They might have just done it to differentiate them but I think it definitely has to do with Idol.


----------



## MikeekiM (Jun 25, 2002)

RickyL said:


> Not by itself but as part of the formula for the show?? IDK.
> 
> They might have just done it to differentiate them but I think it definitely has to do with Idol.


Ah...got it... Idol has the save, and arguably is part of their identity...

In an effort to build their own identity...The Voice wants to be the home of the "steal"... When you think "steal"...you think "The Voice"...

I guess that makes sense...


----------



## bryhamm (Jun 30, 2004)

Wow, Adam's team is so much better than Gwen's. It's too bad that 3 people from his team will go home while they are better than people staying for Gwen.


----------



## DouglasPHill (Feb 10, 2005)

I don't understand the voting. With Americas Got Talent you had 10 votes to spread over the contestants. With this one, you can give everyone 10. Does not make sense to me.


----------



## bryhamm (Jun 30, 2004)

DouglasPHill said:


> I don't understand the voting. With Americas Got Talent you had 10 votes to spread over the contestants. With this one, you can give everyone 10. Does not make sense to me.


Agreed. I went there last night to vote and thought I only got 10 votes total.

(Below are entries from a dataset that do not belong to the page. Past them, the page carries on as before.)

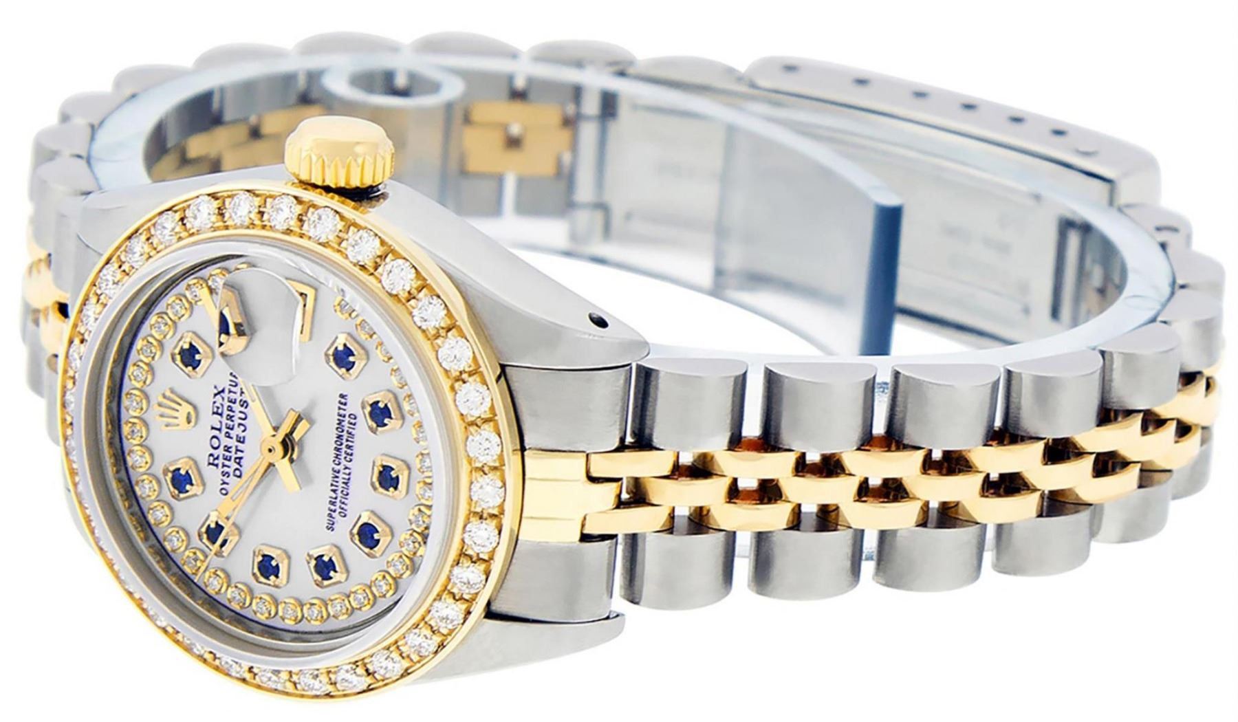 One Ladies Two Tone Rolex Datejust Polished, Serviced & Electronically Tested, Yellow Gold & Stainless Steel Case: 26mm, Yellow Gold Crown, Custom Bezel: New 18K Yellow Gold Beadset Diamond Bezel, Diamond Count: 32 Diamonds In Bezel, Total Weight .70 Carat, Clarity: SI-VS, Color: G to H. Custom Crystal: New Synthetic Sapphire Cyclops Lens. Custom Hands: New Luminescent Hands. Movement: Automatic Winding Movement. Custom Dial: Mother Of Pearl Emerald String Diamond Dial, Stone Count: 10 Emeralds + 33 Diamonds In Dial. Clarity: SI-VS, Color: G to H. Date Window: 3 O'Clock Position Date Display, Model: Datejust. Condition: G-6 Extra Fine. Bracelet: Two Tone Yellow Gold & Stainless Steel Jubilee. Bright Polish. 6.0 Inch Length, Adjustable. Standard Clasp, With Rolex Logo. This Watch Has Been Serviced Time Tested And Is In Excellent Condition It Is Free Of All Scratches And Dents.
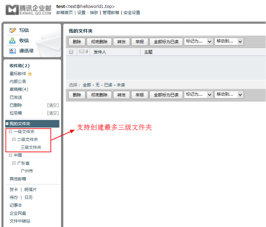 描述:腾讯企业邮箱网页版支持多级文件夹功能,支持创建最多三级文件夹
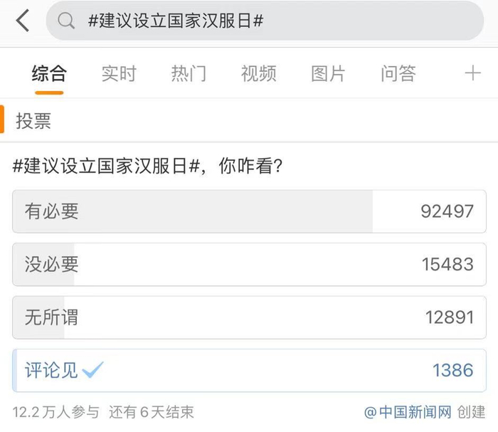 对于这个建议,众多网友点赞!在超12万名网友参与的投票中,有超过9万人选择“有必要”设立国家汉服日。

Nope. Can go up to 10 votes on any one artist. How does that makes sense?


----------



## bryhamm (Jun 30, 2004)

Can't believe the choice Adam made. I thought she was the worst of his group.


----------



## DouglasPHill (Feb 10, 2005)

A question for someone who has seen the rules, are the 12 finalist strictly from voting or does the network reserve the right to adjust things?


----------



## MikeekiM (Jun 25, 2002)

Was surprised that Braiden made the cut with all the talent on Gwen's team...


----------



## gthassell (Apr 22, 2003)

I don't mind them calling them "steals" - but I wish each coach truly had ONE "SAVE" where in a knock out or battle round, they could "SAVE" their own contestant who didn't win the battle.


----------



## maggsm82 (Sep 20, 2005)

bryhamm said:


> Can't believe the choice Adam made. I thought she was the worst of his group.


I was surprised as well. I thought he was going to pick the Irish guy or the guy with the long hair.


----------



## MikeekiM (Jun 25, 2002)

gthassell said:


> I don't mind them calling them "steals" - but I wish each coach truly had ONE "SAVE" where in a knock out or battle round, they could "SAVE" their own contestant who didn't win the battle.


Actually...I wish they actually had a steal...where a coach can actually grab someone from some other coach's team that wasn't triggered by them discarding someone first...

I know logistically that could never happen though... It would be completely unfair to the contestant... But a real "steal" would be interesting...


----------



## bryhamm (Jun 30, 2004)

DouglasPHill said:


> A question for someone who has seen the rules, are the 12 finalist strictly from voting or does the network reserve the right to adjust things?


8 of the 12 are strictly from voting, or at least is supposed to be. The top 2 from each judge moves on based on voting. The 3rd from each judge is whomever each judge chooses.


----------



## bryhamm (Jun 30, 2004)

maggsm82 said:


> I was surprised as well. I thought he was going to pick the Irish guy or the guy with the long hair.


I did as well. I liked the Irish guy better going into Monday night, but thought the long haired guy performed better that night. I would have been happy with either of them being picked.


----------



## Maui (Apr 22, 2000)

bryhamm said:


> Can't believe the choice Adam made. I thought she was the worst of his group.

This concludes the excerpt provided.